Manchester City with their infinite millions march on – though the ultimate, so often failed test of the European Cup awaits them.
By dramatic and fascinating contrast, those other lavish spenders, Chelsea and Manchester United, are toiling in the doldrums. In the case of United and an increasingly embattled Louis Van Gaal, it is not really surprising. For all his multiple past triumphs at Ajax, Barcelona, Bayern Munich, his team never really took wing last season, and it’s hard won fourth place in the Premier League last season, found them struggle far in the wake of Chelsea and Manchester City.
Chelsea by contrast romped away with the league, but this season they are slipping further and further behind. The shattering home defeat by Crystal Palace pushing them well down the table, with the ever-grandiloquent Jose Mourinho reduced to criticising his own recently refulgent stars.
I was at Stamford Bridge to see Chelsea lose to a Crystal Palace team which cost the merest fraction of what Chelsea splashed out for their stars. Though he did not mention them or any other of the four players he would ideally have liked to substitute rather than three, Eden Hazard was clearly a target. Lauded to the skies by Mourinho in the very recent past, winner last season of a plenitude of awards, one scarcely noticed him as one watched Palace deservedly prevail.
By the same token, Wayne Rooney, though in the midweek he had previously fired a trio of goals for Manchester United in Belgium – while one waits for him laboriously to overtake Bobby Charlton as England’s leading goalscorer – was dismally firing blanks again as United went down at Swansea.
Van Gaal has spent £230 million on new players – admittedly United got a large chunk back, though by no means all the original fee by selling the disappointing Angel Di Maria. But at Swansea, not for the first time, they looked a pedestrian uninspired team.
Germany’s Bastian Schweinsteiger, for all his honours, prestige and World Cup prowess, has so far looked very much his age. The Flying Dutchman Memphis Depay has shown speed of foot and flair – though not at Swansea. But overall, Gary Neville’s ferocious criticism of the team he once adorned, seems all too well founded.
As for Chelsea, one did at Stamford Bridge see hopeful signs – and it is hard and harsh to blame Mourinho for Branislav Ivanovic’s and Hazard’s steep loss of form. I thought the 19-year-old Brazilian Kenedy who had only just arrived from Fluminense, showed remarkable drive, confidence and initiative, when pitch forked into the action in the second half.
And I was pleasantly surprised by the form of Falcao, when in what seemed like some desperation, Mourinho sent him on in the second half. A failure when on loan at Old Trafford last season, a somewhat surprising choice when Mourinho took him on loan again, I’d begin to feel that the appalling injury he suffered at Monaco has blunted his edge forever. Instead he looked bright and sharp in his truncated appearance and he took his goal impressively with that diving header.

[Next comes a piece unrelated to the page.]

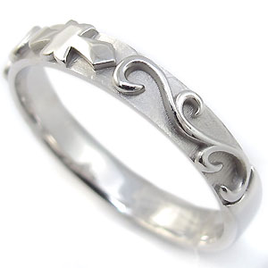 クロス・唐草デザイン一文字タイプの18金製ペアリングです。

Mourinho has already bought a promising new full back in Augsburg’s Abdul Baba Rahman, who could presumably replace the struggling Ivanovic. Diego Garcia, who looked lively in the first half, should again get goals.

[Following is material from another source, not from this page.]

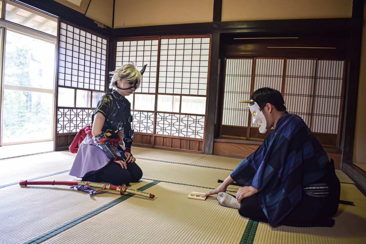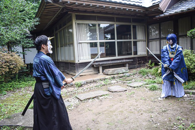 【COSPLAY】 刀剣乱舞/創作審神者 ﹌﹌﹌﹌﹌﹌﹌﹌﹌﹌﹌﹌﹌ 〜審神者稽古〜 ﹌﹌﹌﹌﹌﹌﹌﹌﹌﹌﹌﹌﹌ 刀剣男士の弟子達に刀の稽古をつけてるシーン ・photo→花春香さん(@hanaharka) ・location→名主の古民家 #ニッチCOS #ニッチ本丸0701

But the glorious reflection that, Manchester City apart, money after all may not by everything, consoles one as one surveys the Greed is Good League. Where it is encouraging to see two English managers in the experienced Alan Pardew at Palace and the relatively inexperienced Garry Monk at Swansea – a future England manager? – achieving so much with, by comparison with the likes of Chelsea, Manchester City and Manchester United, so relatively little. A double breath of fresh air, you might say.

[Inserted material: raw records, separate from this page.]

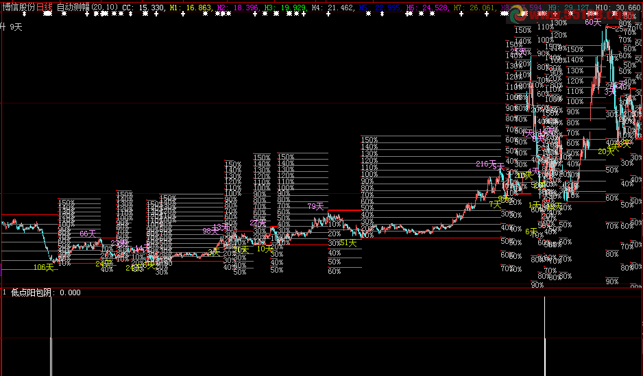 (领带低点阳包阴(大智慧通达信) 选股指标副图 源码 贴图 )
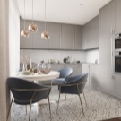 - Minimalism It seems the easiest beautiful style. In such kitchens there is no decor, there is only the most necessary. Spotlights, a chandelier is located above the dining area. Deep cabinets allow you to hide kitchen utensils and appliances.
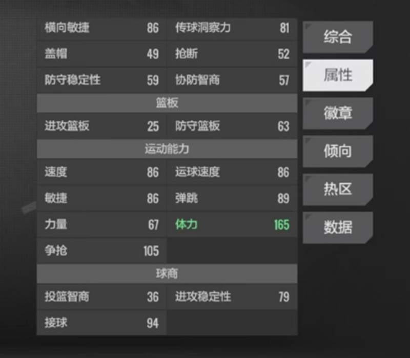 哈登的运动价值达到86分,这使他在球场上具有极强的突破能力。水平敏捷性也达到了86分,这使他可以轻松地完成球时的方向变化。 81分传球洞察力使他在组织进攻时可以准确地找到队友的位置,并经常提供精美的助攻。但是,25分的进攻篮板和63分的防守篮板数据确实并不出色,这是他在内部对抗中的弱点。
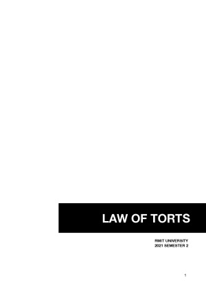 Law of Torts Notes that covers - Foundations of Torts - Battery - Assault - False Imprisonment - Trespass to Land - Nuisance - Trespass to Goods - Conversion - Detinue - Trespass Defences - Defamation - Defamation Defences - Negligence - Duty of Care - Negligence - Breach of Duty - Negligence - Causation - Negligence - Defences - Vicarious Liability - Remedies
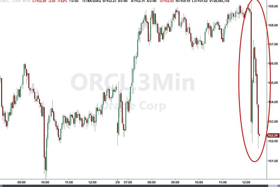 The report erased all of Oracle's intraday gains within minutes.

Palace’s attack at Chelsea was an exuberant delight, and they didn’t even bring on the dynamic Yannick Bolasie until after half-time, when he ran rings round poor Ivanovic. And Bakary Sako is a formidable acquisition.
Full marks to the enterprise of Swansea, when, while their hugely richer adversaries squandering millions on indifferent purchases, picked up the formidable Andre Ayew from Marseille for nothing. Executioner of Manchester United he is, of course, the son of the former star of Ghanaian football, Abedi Pele. United? Now the gamble of Anthony Martial.
Lord Harris, apparently a carpet multimillionaire and a director of Arsenal, recently broke cover to proclaim that the idea of Tottenham Hotspur sharing Arsenal’s Emirates Stadium when they eventually rebuild is preposterous.
Does he know that from 1939-46, when Highbury was taken over in the war by the Civil Defence, the Gunners played all their home games at White Hart Lane? And that was at a period much closer to Arsenal’s move from Plumstead to Highbury to the outrage of Spurs.
Outrage increased when Arsenal, led by owner Sir Henry Norris, deviously wangled their way up to the 1st Division in 1919, having come only fifth in the 2nd Division pre-war.